Data entries
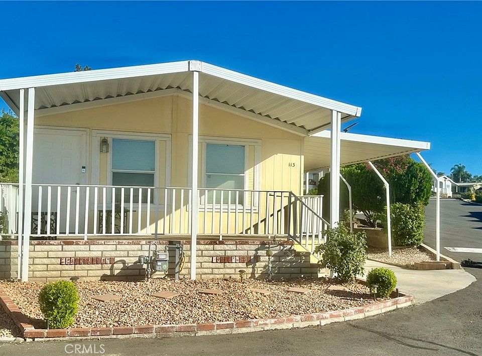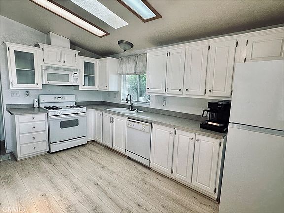 MOTIVATED SELLER, Welcomes you to the GATED, FAMILY FRIENDLY community of Saddleback Estates. Enter into your 2 bedroom, 2 bathroom home through your large private covered porch into the living area. The generously sized kitchen is light and bright with a skylight and ceiling fan. Down the hall you will find a laundry area with the added convenience of a side exit to the covered carport. Convenient for bringing in your groceries. This home offers a large primary suite with 1 additional bedroom and bathroom with high ceilings and new carpeting throughout. Great for 1st time buyers and those looking to enjoy beautifully updated amenities, which includes a sparkling pool & spa, BBQ area with basketball courts and a newly updated playground. A clubhouse with kitchen facilities is available for your special celebrations. Buyer will require park approval.
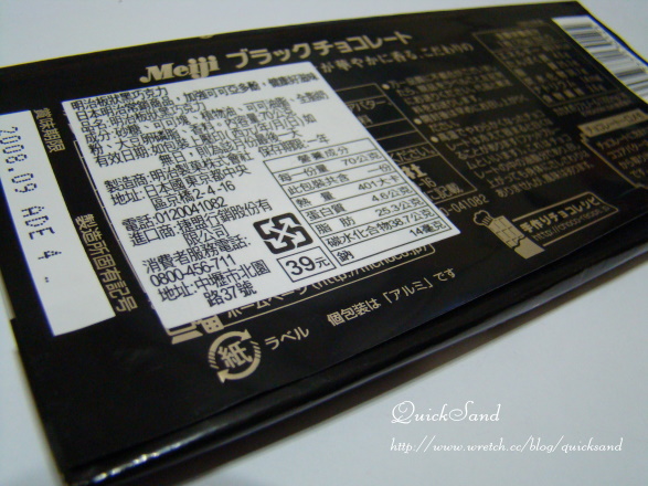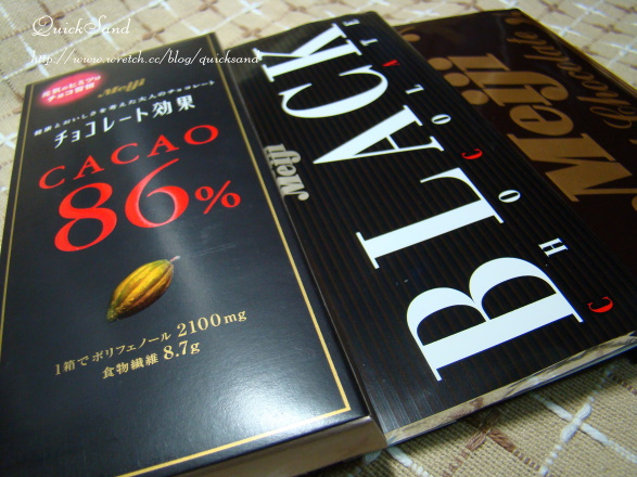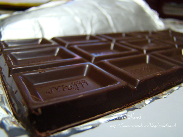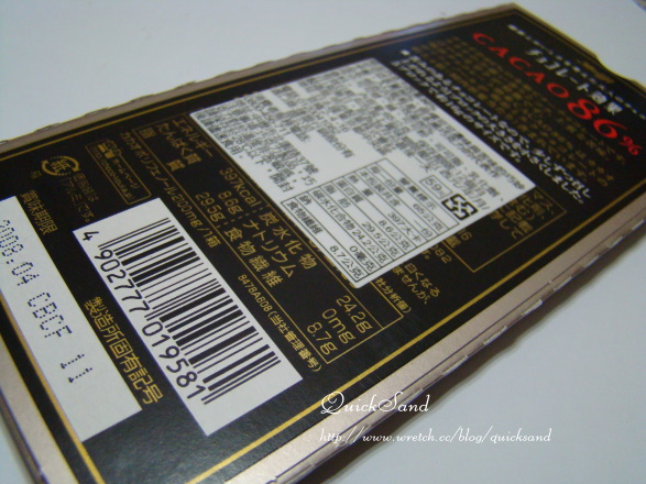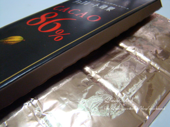 雖然可可含量高達86%,可是看起來色澤沒差多少,不過吃起來真是有夠澀阿!不知道是不是我不習慣吃濃度這麼高的巧克力,還是明治的黑巧克力做的都比較澀,吃起來口中的感覺不是很舒服。
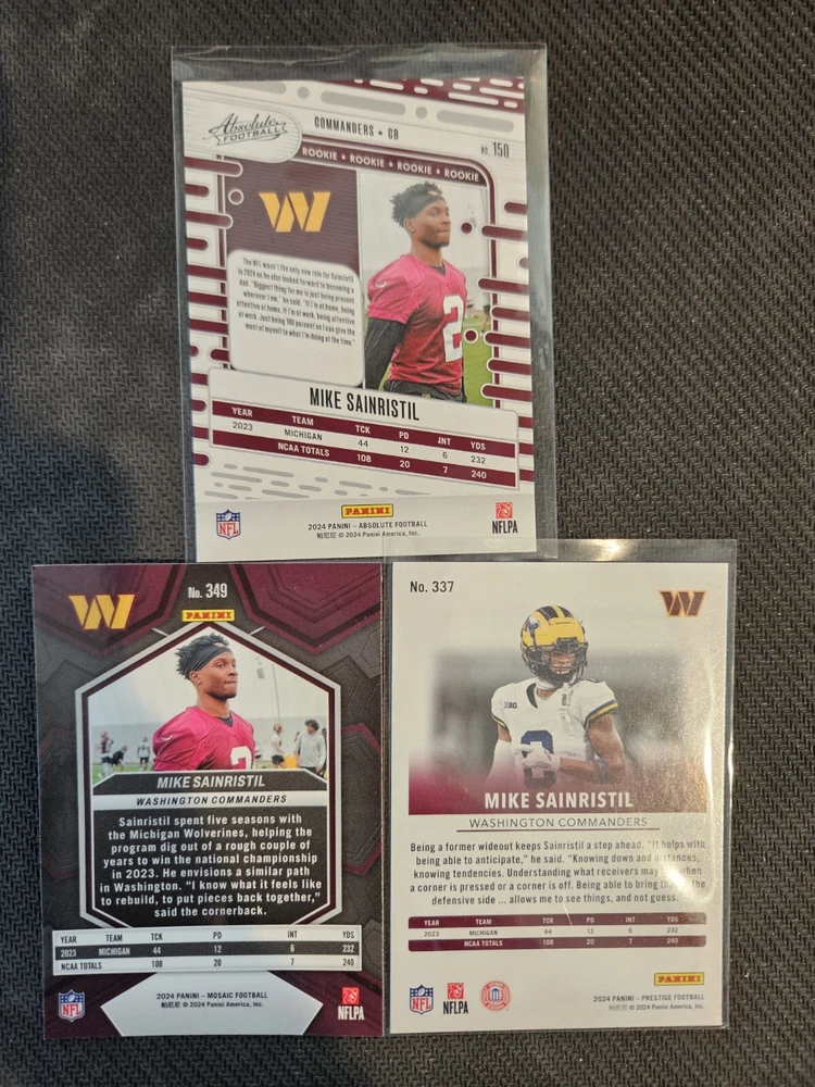 Number of Cards: 3 Season: 2024 Player/Athlete: Mike Sainristil Set: 2024 mosaic, 2024 absolute, 2024 prestige Team: Washington Commanders Type: Sports Trading Card Sport: Football League: National Football League (NFL) Year Manufactured: 2024 Manufacturer: Panini Features: Rookie
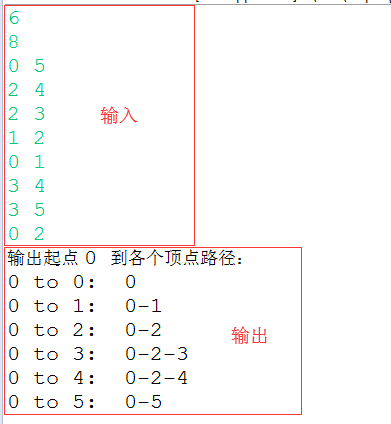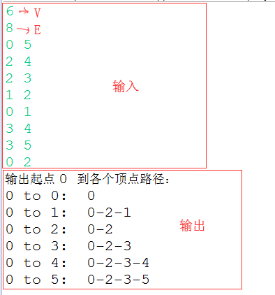 寻找路径是指从起点 s 到与 s 连通的每个顶点之间的路径。依然以图 2 为例,寻找的是起点 0 到各个连通顶点的路径,例如 0 ~ 1 的路径是 0->2->1,0 ~ 5 的路径是 0->2->3->5 等。
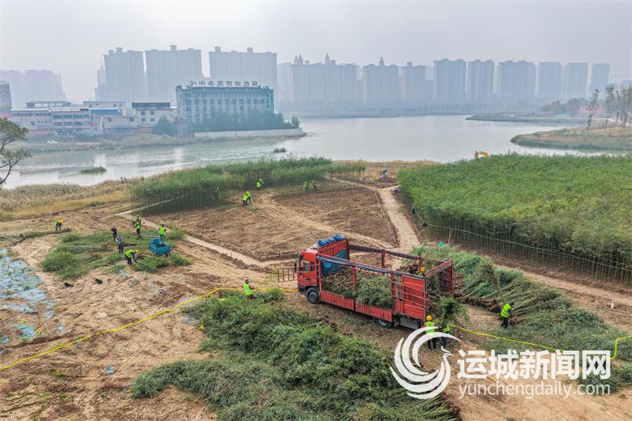 深秋的安邑水库,施工人员积极开展绿植栽种作业,加紧实施运城市官道河生态修复与整治工程(10月31日摄)。

> Exercise brief:
Nothing but an exact copy of the data, without its images, should make up your answer.

> Solved exercise:
 MOTIVATED SELLER, Welcomes you to the GATED, FAMILY FRIENDLY community of Saddleback Estates. Enter into your 2 bedroom, 2 bathroom home through your large private covered porch into the living area. The generously sized kitchen is light and bright with a skylight and ceiling fan. Down the hall you will find a laundry area with the added convenience of a side exit to the covered carport. Convenient for bringing in your groceries. This home offers a large primary suite with 1 additional bedroom and bathroom with high ceilings and new carpeting throughout. Great for 1st time buyers and those looking to enjoy beautifully updated amenities, which includes a sparkling pool & spa, BBQ area with basketball courts and a newly updated playground. A clubhouse with kitchen facilities is available for your special celebrations. Buyer will require park approval.
 雖然可可含量高達86%,可是看起來色澤沒差多少,不過吃起來真是有夠澀阿!不知道是不是我不習慣吃濃度這麼高的巧克力,還是明治的黑巧克力做的都比較澀,吃起來口中的感覺不是很舒服。
 Number of Cards: 3 Season: 2024 Player/Athlete: Mike Sainristil Set: 2024 mosaic, 2024 absolute, 2024 prestige Team: Washington Commanders Type: Sports Trading Card Sport: Football League: National Football League (NFL) Year Manufactured: 2024 Manufacturer: Panini Features: Rookie
 寻找路径是指从起点 s 到与 s 连通的每个顶点之间的路径。依然以图 2 为例,寻找的是起点 0 到各个连通顶点的路径,例如 0 ~ 1 的路径是 0->2->1,0 ~ 5 的路径是 0->2->3->5 等。
 深秋的安邑水库,施工人员积极开展绿植栽种作业,加紧实施运城市官道河生态修复与整治工程(10月31日摄)。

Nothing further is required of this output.